Monologue(as a Diary);



 当てつけかと思ってしまった。



 昨日の夜、美代から『模試のやつ明日までじゃん!』ってメッセージが来た。そういえばわたしも提出してなかった……というより受けるかまだ悩んでいたからだけど。

 でも、そんな時にメッセージが来たのは何かの運命なんじゃないかなってことにして、わたしも受けることに決めた。

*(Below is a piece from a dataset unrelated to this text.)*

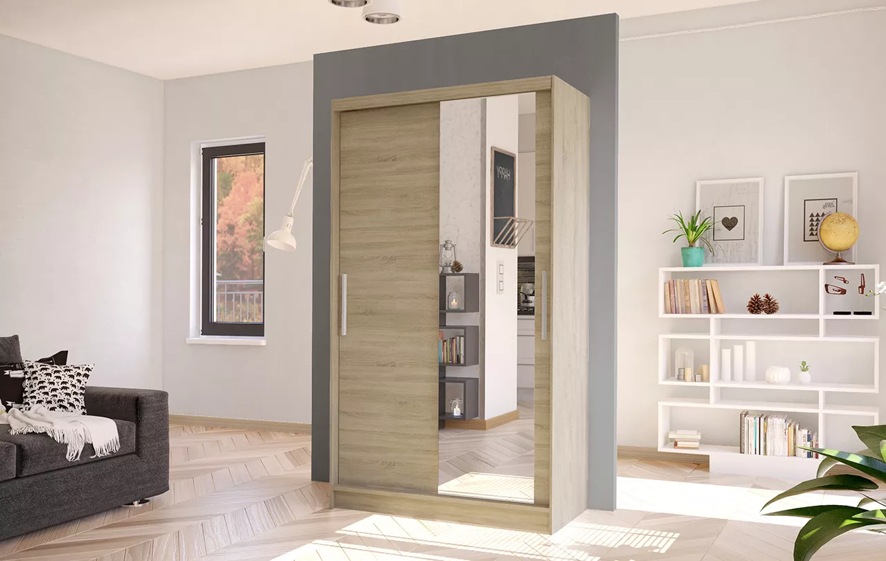 Šatní skříň BRUNO 6 nabízí velkorysý úložný prostor pro vaše oblečení. Díky vnitřnímu uspořádání budete moci vše uložit tak, aby každý kus oděvu měl své místo a vy jej v případě potřeby snadno našli. Zrcadlo umístěné na posuvných dveřích vám prosvětlí interiér a opticky zvětší prostor.

 志望校は漠然としか決まってない。できれば国公立がいい。学費も抑えられるし。それでいて、できるだけ上の大学を目指したい。

 高校もたしかおんなじような理由で選んだ。通える範囲で、公立で、そして進学実績がいい高校。そしたら守ノ峰高校がドンピシャだった。簡単じゃなかったけど、頑張れば手の届きそうなところにあったし。

 でも、大学はまだ決まってない。通学範囲も広くしていいと思ってるし、だから候補も増えてきてて、志望大学を絞れずにいる。

 そんなんだから、模試を受けようか悩んでた。目標が定まらないとなんか地に足がついていないみたいで、頑張れそうになかったから。


 明くる日の昼休み。要するに今日。

 受ける模試は美代のに合わせた。志望校もあやふやなのに、両方とも受ける気にならなかったし、部活もわたしたちはこれからだから、まだ受験をちゃんと意識できないと思う。だから、早く終わる八月一日の模試を受けるのに異存はなかった。

 美代もわたしとおんなじらしくて、早く終わる方を選んだだけらしい。


 昼休み、美代と話しながら、入学して以来、一度も入ったことがない会議室に入った。


『………あれ? 結江。何してんの? こんなとこで』


 わたしたちの前には同じクラスの結江くんと雄城くんが並んでた。


『模試を申し込もうと思って』


 それ以外に何があるんだろうと思うけど。


『え、意外』


 美代はそう言ったけど、わたしは別にそう思わない。どちらかと言うと、美代が受ける方が意外なくらい……っていうのは、わたしが美代のことをよく知っていて、結江くんのことをよく知らないだけか。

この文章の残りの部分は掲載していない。